Le théâtre (Plazanet-Siarri 1987, 14) et, surtout, les reconstitutions historiques de grande envergure – notamment les pyrodramas et les spectacles catastrophes – interprétaient eux aussi à leur manière la puissance visuelle de certains tableaux connus, confortant ainsi la notoriété de ces reproductions au sein de l’imaginaire collectif juste avant la naissance des péplums (Paul 2013, 224-25). The Chariot Race servit très vite d’image de référence pour illustrer ce qui avait trait au récit de Lee Wallace publié en 1880 (Solomon 2016, 162) ; on retrouve par exemple l’empreinte du tableau sur l’affiche du spectacle Ben-Hur monté par Marc Klaw et Abraham L. Erlanger à Chicago en 1901. Les annonces du Ben-Hur de Niblo laissaient elles-mêmes deviner l’héritage d’Alexander von Wagner (Fig. 10). Les représentations démesurées données dans les hippodromes, qui réunissaient parfois plusieurs milliers de spectateurs, ont par ailleurs influencé le premier cinéma et ont ainsi servi de relais aux visions des peintres pompiers – pour preuves : l’affiche de Néron, joué à Paris en 1880 (Humbert 2012), ou celle de The Destruction of Rome, un spectacle d’Imre Kiralfy de 1890, reprenaient toutes deux Pollice Verso.
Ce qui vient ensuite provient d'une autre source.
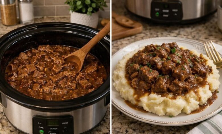 This slow cooker beef recipe tastes like something you’d order at a cozy diner, but it practically cooks itself. Tender chunks of beef simmer all day in a rich, buttery, savory gravy made with onion soup mix, ranch seasoning, and brown gravy mix. The result is ultra-soft, flavorful beef that falls apart effortlessly and pairs perfectly with creamy mashed potatoes.
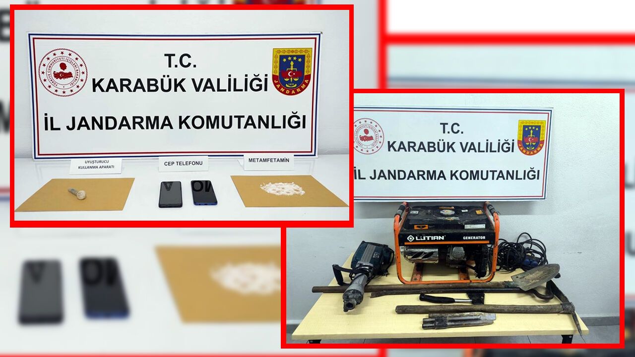 Karabük'te jandarma ekiplerince düzenlenen iki ayrı operasyonda kaçak kazı malzemeleri ile uyuşturucu madde ele geçirilirken 11 şüpheli hakkında işlem yapıldı.

Le cinéma n’a pas hésité à tirer profit de cette familiarité et capitalisait sur l’effet de reconnaissance auprès du public : on raconte que les spectateurs, notamment pour Quo Vadis ?, auraient en effet applaudi chaque fois qu’ils reconnaissaient des peintures académiques dans les films[13].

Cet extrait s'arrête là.